Problem:
From the first line to the last, copy the listing exactly and omit the pictures.

Material provided:
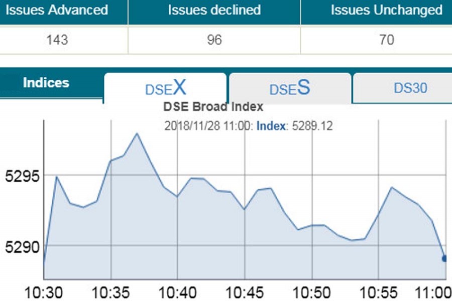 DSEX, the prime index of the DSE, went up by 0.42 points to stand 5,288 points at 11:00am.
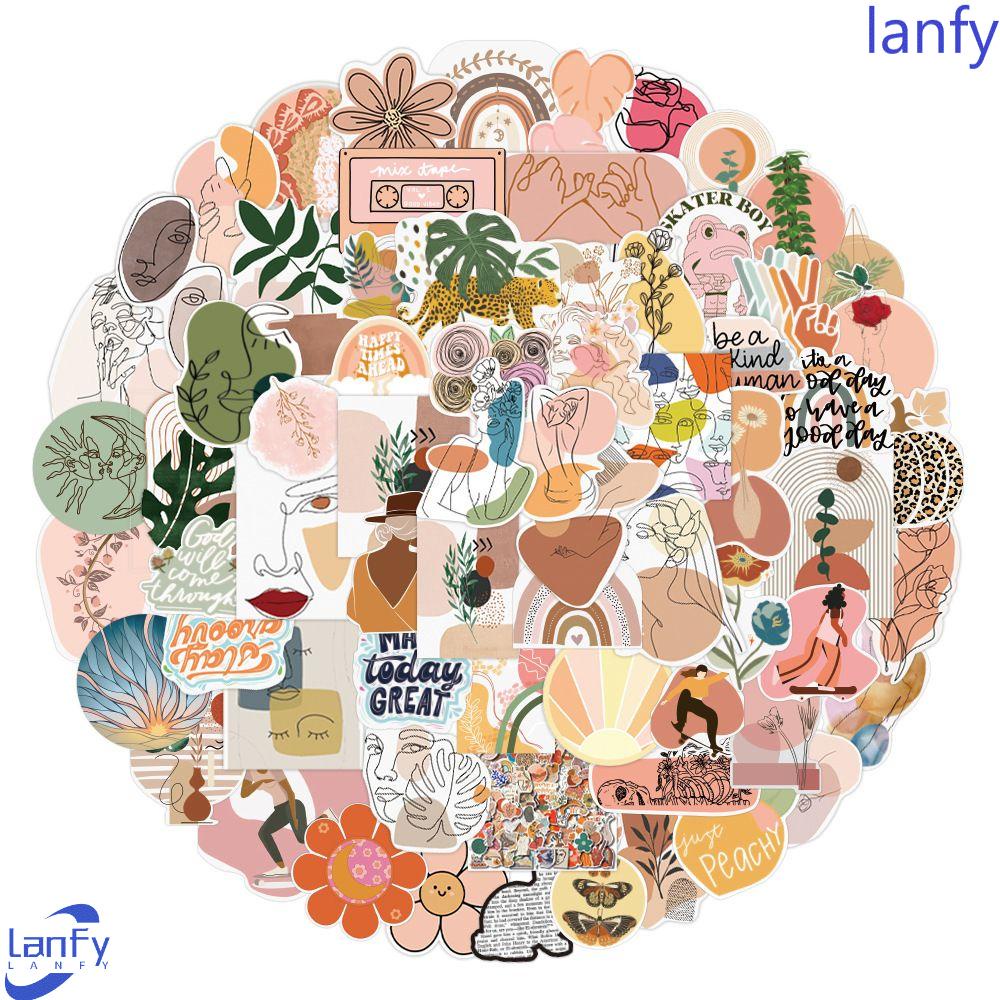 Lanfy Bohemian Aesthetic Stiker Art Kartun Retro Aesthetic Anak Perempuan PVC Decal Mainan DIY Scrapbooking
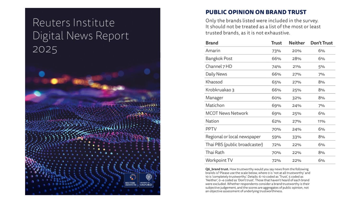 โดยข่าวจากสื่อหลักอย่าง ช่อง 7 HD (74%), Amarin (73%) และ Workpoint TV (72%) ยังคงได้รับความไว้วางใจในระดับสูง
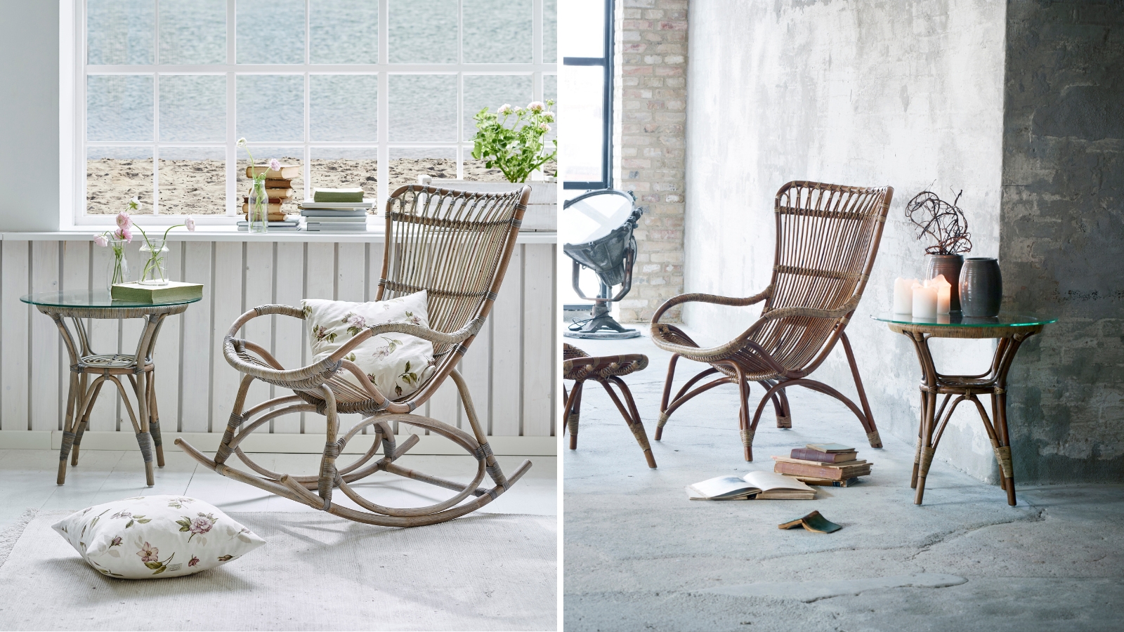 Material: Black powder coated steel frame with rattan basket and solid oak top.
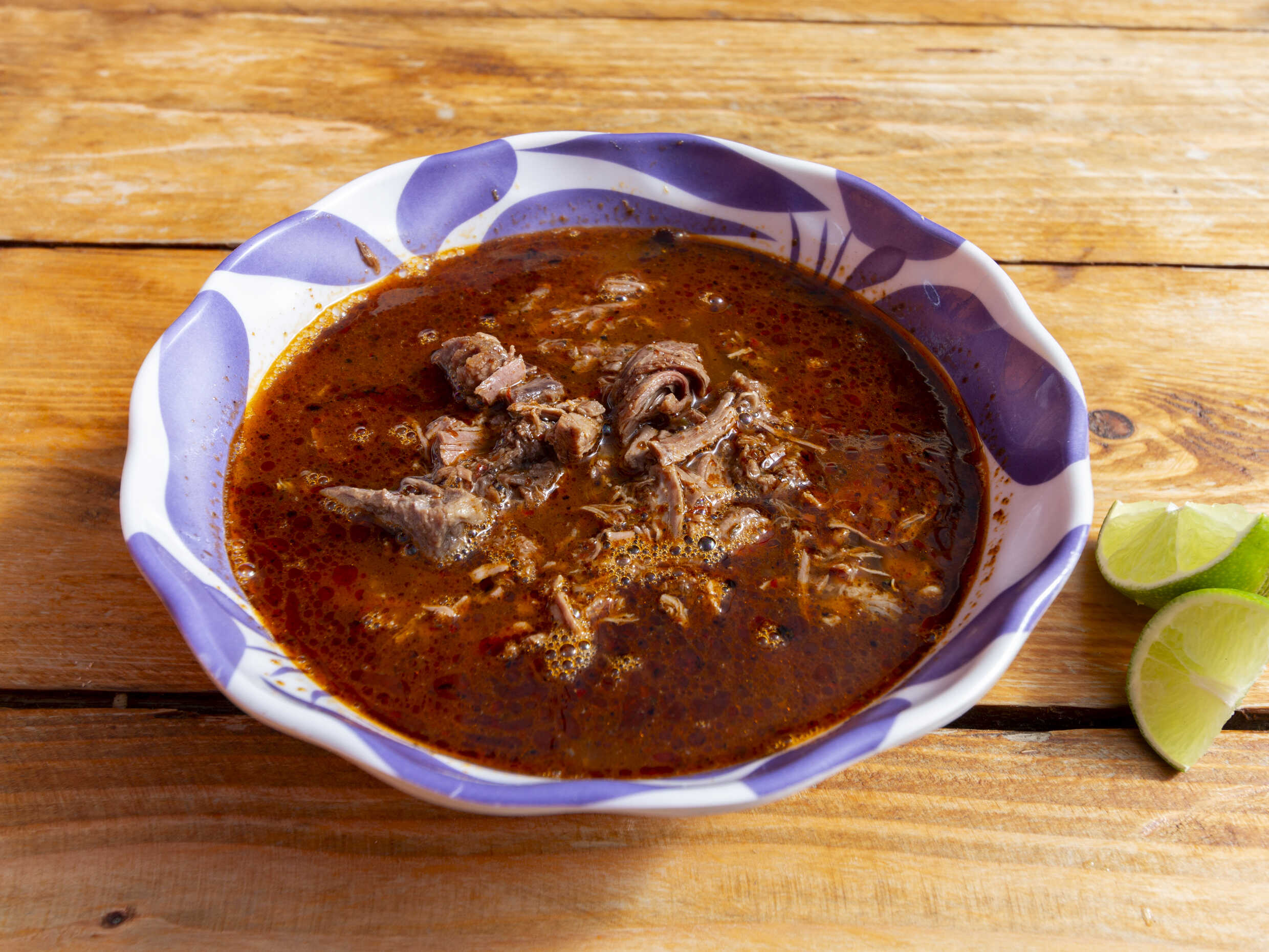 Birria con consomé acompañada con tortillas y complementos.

Task response:
 DSEX, the prime index of the DSE, went up by 0.42 points to stand 5,288 points at 11:00am.
 Lanfy Bohemian Aesthetic Stiker Art Kartun Retro Aesthetic Anak Perempuan PVC Decal Mainan DIY Scrapbooking
 โดยข่าวจากสื่อหลักอย่าง ช่อง 7 HD (74%), Amarin (73%) และ Workpoint TV (72%) ยังคงได้รับความไว้วางใจในระดับสูง
 Material: Black powder coated steel frame with rattan basket and solid oak top.
 Birria con consomé acompañada con tortillas y complementos.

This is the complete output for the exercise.